Once the participant completed the baseline survey, they were randomized to one of the five study conditions (see below) by the project research assistant (RA), stratified by gender and alcohol consumption. Envelopes were created based on gender (male/female) and high and low drinking, with equal chances of being selected into groups. At the halfway point of the trial, we checked group allocation and weighted the envelopes to create equal allocation across conditions. Once randomized, the RA assigned the participant into the proper messaging group, and all participants were emailed a What to Expect document that corresponded to their study condition. Participants were blind to the study condition and were only aware that the type and number of messages differed between conditions. The condition-specific document trained participants on how to respond to the weekly mobile assessment (MA) texts and provided them with NIAAA guidelines for safe drinking by gender and information on what constitutes a standard drink [21]. Participants started to receive text messages within one business day of being randomized to a condition. All participants received a welcome text message within a few minutes of their program’s activation, which provided instructions on what to text if they experienced any problems with their program. At week 4, the RA emailed the participant a link to a brief check-in survey to monitor their progress and user experience and offered the participant the opportunity to schedule a phone check-in with the study PI. If, after prompting, the individual did not complete the week 4 web assessment, the RA waited to reach out to them again until week 12. At week 12, the RA emailed the participant a link to their final web-based assessment. Upon survey completion, participants were offered the choice of a $40 Amazon or Starbucks gift card and the opportunity to receive an additional 12 weeks of the text messaging program of their choice. We ended enrollment when at least 30 participants were enrolled in each group.
Assessments.
The self-report internet screen included items to screen out potential participants based on age, drinking quantity and frequency via the QFV-30, a 30-day shortened time frame version of the Form-90 Quantity-Frequency measure of alcohol consumption [22], which has been validated against the Timeline Follow-Back [23], alcohol withdrawal and severity via the Short Alcohol Withdrawal Scale [19], and drug use via the 30-day frequency scale of the Addiction Severity Index [24]. The phone screen included a brief assessment of both substance use and mental health treatment history, current substance use quantity and frequency if indicated in the screener, and a brief diagnostic screening for Bipolar Disorder and Psychosis using the SCID-IV stem questions [25]. Finally, we collected location and collateral information in case of an emergency.

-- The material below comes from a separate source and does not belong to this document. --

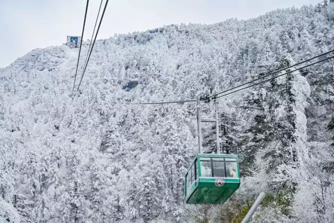 The golden peak of Mount Emei is 3,079 meters above sea level, which is the highest point of Mount Emei, the end of the mountain. Although the Golden Dome is high, it is now easily accessible by round-trip ropeways. It's better to take the car to the ropeway station first, when I was about to arrive at the ropeway station, it was already very beautiful, and I was able to encounter the snowy scenery, so I didn't come in vain this time. As soon as you get off the bus, you can't wait, and after getting on the cable car, you are even more attracted by the surrounding scenic spots.

At baseline and week 12, we assessed drinking outcomes with a more detailed version of the QFV-90, asking participants to provide an estimate of their average alcohol consumption per week and then an estimate of their average consumption by weekday (e.g. You drink about 25 drinks per week. Using this average, about how many drinks do you have on Monday, Tuesday, etc.). For participants randomized to the tailored adaptive group, we used responses to this item to send personalized texts on their heaviest drinking days. We assessed drinking consequences via the Short Inventory of Problems (SIP) [26]. All measures were repeated at week 12 with additional questions on subjective drinking outcomes, satisfaction and program preferences. A brief 5-minute survey using the QFV-30 and self-report subjective goal achievement questions was conducted at week 4 to understand short-term changes in drinking.
Study Interventions
Participants in all conditions were given the NIAAA guidelines for safe drinking and asked to follow these guidelines to ensure that all participants were aware of the safe drinking guidelines and to offer more credibility to the mobile assessment control, as have been used in previous web-based interventions for alcohol use problems [27]. Participants were led to understand that their messaging program would differ from the others with regard to content and frequency.

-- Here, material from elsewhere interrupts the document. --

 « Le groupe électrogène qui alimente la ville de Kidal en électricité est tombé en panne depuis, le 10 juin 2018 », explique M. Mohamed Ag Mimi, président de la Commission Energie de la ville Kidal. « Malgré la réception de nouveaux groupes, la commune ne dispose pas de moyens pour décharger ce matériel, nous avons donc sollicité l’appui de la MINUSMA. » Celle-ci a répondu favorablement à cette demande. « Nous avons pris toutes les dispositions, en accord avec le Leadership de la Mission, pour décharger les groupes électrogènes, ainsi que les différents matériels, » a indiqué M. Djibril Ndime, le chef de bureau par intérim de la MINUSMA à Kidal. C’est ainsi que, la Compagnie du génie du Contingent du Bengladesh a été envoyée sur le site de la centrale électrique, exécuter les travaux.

Mobile Assessment only (MA).
The MA group was designed to be a self-monitoring control, which has been used in both general health based SMS studies [2] and alcohol treatment studies as an intervention and control [28]. Participants in this condition were informed that they were in a drink-tracking program and received four questions about the past week’s drinking once weekly. If participants did not respond to the first text within a half hour, the system resent the text up to three more times over the course of the next two hours. If participants did respond to the first text, the system would then send the second question. Participants in all messaging conditions received the MA as their base program.
Loss-Framed messaging (LF).
The loss-framed messaging program included text messages sent at 6:00 PM daily on the consequences of problem drinking. Messages were based on the existing literature and used both the social learning theory and the health belief model [29], which highlight that the short- and long-term consequences of heavy drinking can motivate behavior change. Loss framing is a primary component of many SMS interventions, including those that have targeted problem drinking [7]. An example of an LF message is, “Think of all you have lost as a result of drinking too much. Make today a day that sets the stage for change.”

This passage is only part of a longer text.